In [4]:
from IPython.display import HTML, display
display(HTML("""
<style>
.jp-MarkdownOutput h1 { font-size: 1.4em !important; color: #2c3e50 !important; }
.jp-MarkdownOutput h2 { font-size: 1.2em !important; color: #34495e !important; }
.jp-MarkdownOutput p { font-family: Arial !important; font-size: 13px !important; }
</style>
"""))

## Israel–Palestine: Measuring Sentiment and Stance Over Time

### Project overview
We aim to measure how online sentiment and stance regarding Israel and Palestine evolve over time, using a Reddit dataset (daily‑updated) curated around the conflict. The final output will be a narrative notebook that combines text, code, and visualizations to tell a coherent story about trends and patterns in public discourse.

- **Goal**: quantify and compare sentiment/stance toward Israel and Palestine over time; identify spikes and turning points aligned with major events.
- **Data**: Reddit posts/comments from the Kaggle dataset: [Reddit on Israel–Palestine (daily updated)](https://www.kaggle.com/datasets/asaniczka/reddit-on-israel-palestine-daily-updated).
- **Primary task**: build a classifier that assigns each text a stance label among five classes:
  - pro‑Israel
  - anti‑Israel
  - pro‑Palestine
  - anti‑Palestine
  - neutral

### Why stance (not only sentiment)?
Generic sentiment (positive/negative/neutral) is often insufficient for polarized topics. Stance captures the *position* relative to a target (Israel or Palestine), allowing us to distinguish, for example, criticism of one side vs support of the other, even when overall sentiment is negative.

### Research questions
- How do the proportions of each stance change over time (daily/weekly)?
- Do major geopolitical events coincide with sharp shifts in stance distribution?
- Are there persistent differences between subreddits or topical clusters?
- How do sentiment scores relate to stance labels (agreement or divergence)?
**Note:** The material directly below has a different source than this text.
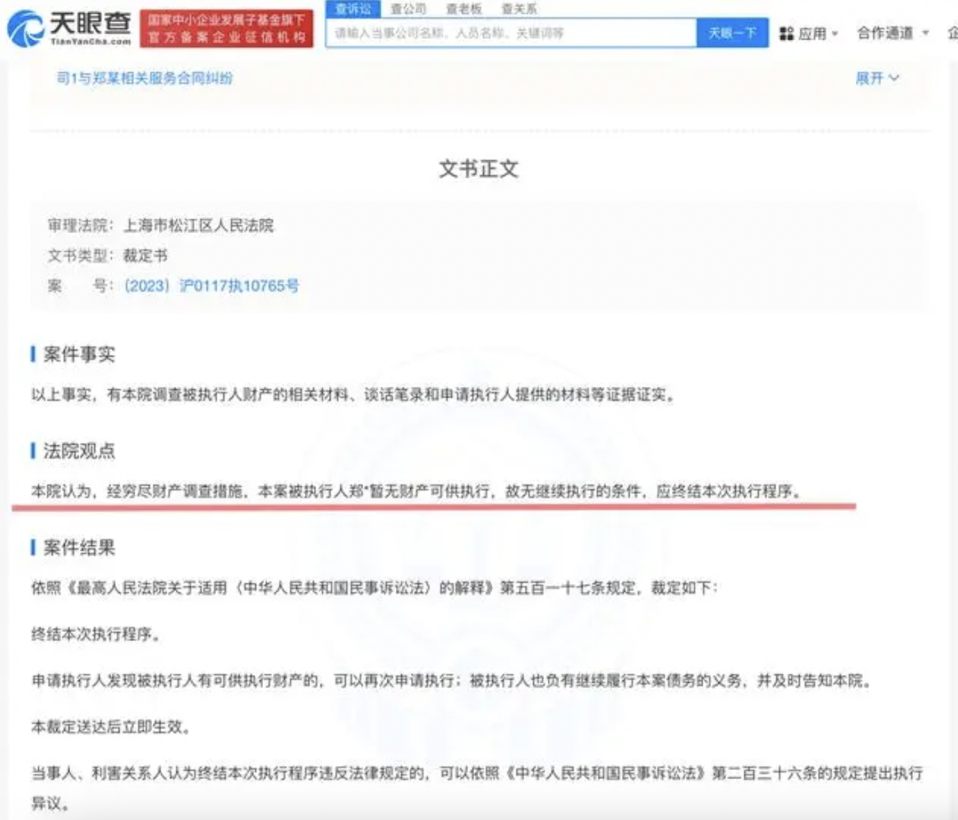 4月1日,澎湃新闻记者从天眼查获悉,该文书内容显示,法院认为,经穷尽财产调查措施,该案被执行人郑爽暂无财产可供执行,故无继续执行的条件,法院裁定:终结本次执行程序。

### Planned approach (high level)
1. Load and clean the Reddit dataset; deduplicate and filter off‑topic/low‑quality text.
2. Exploratory analysis: descriptive stats, topic/cluster exploration (e.g., PCA/UMAP + clustering) to map discourse structure.
3. Pseudo‑labeling with a strong pretrained sentiment model for baseline trends; create a small gold set for stance.
4. Train a stance classifier with five classes (baseline: TF‑IDF + Logistic Regression; advanced: lightweight transformer fine‑tune/PEFT).
5. Evaluate with accepted metrics (macro‑F1, confusion matrices), check over/underfitting, and use explainability tools (e.g., SHAP) for insight.
6. Visualize time‑series of stance proportions with uncertainty bands; annotate salient events.

### Scope and assumptions
- Initial focus on English text; multilingual expansion if time permits.
- Stance schema is defined below and may be refined after an initial labeling pass.
- Ethical considerations: handle sensitive content respectfully, document limitations/biases, and avoid doxxing or harm.

### Deliverables
- Narrative Jupyter Notebook (50/50 text and code) exported to HTML.
- Clear comparisons of methods and a reasoned discussion of findings and limitations.



In [32]:
# Core libraries and visualization setup
from __future__ import annotations

# Data & utils
import os
from pathlib import Path
import pandas as pd
import numpy as np

# Visualization (Plotly only)
import plotly.express as px
import plotly.graph_objects as go
import plotly.io as pio

# Plotly theme and defaults
pio.templates.default = "plotly_white"
px.defaults.template = "plotly_white"
px.defaults.width = 900
px.defaults.height = 520

# Stance color palette (consistent across plots)
STANCE_COLORS = {
    "pro-Israel": "#1f77b4",
    "anti-Israel": "#2ca02c",
    "pro-Palestine": "#d62728",
    "anti-Palestine": "#9467bd",
    "neutral": "#7f7f7f",
}

print("Libraries loaded. Plotly configured.")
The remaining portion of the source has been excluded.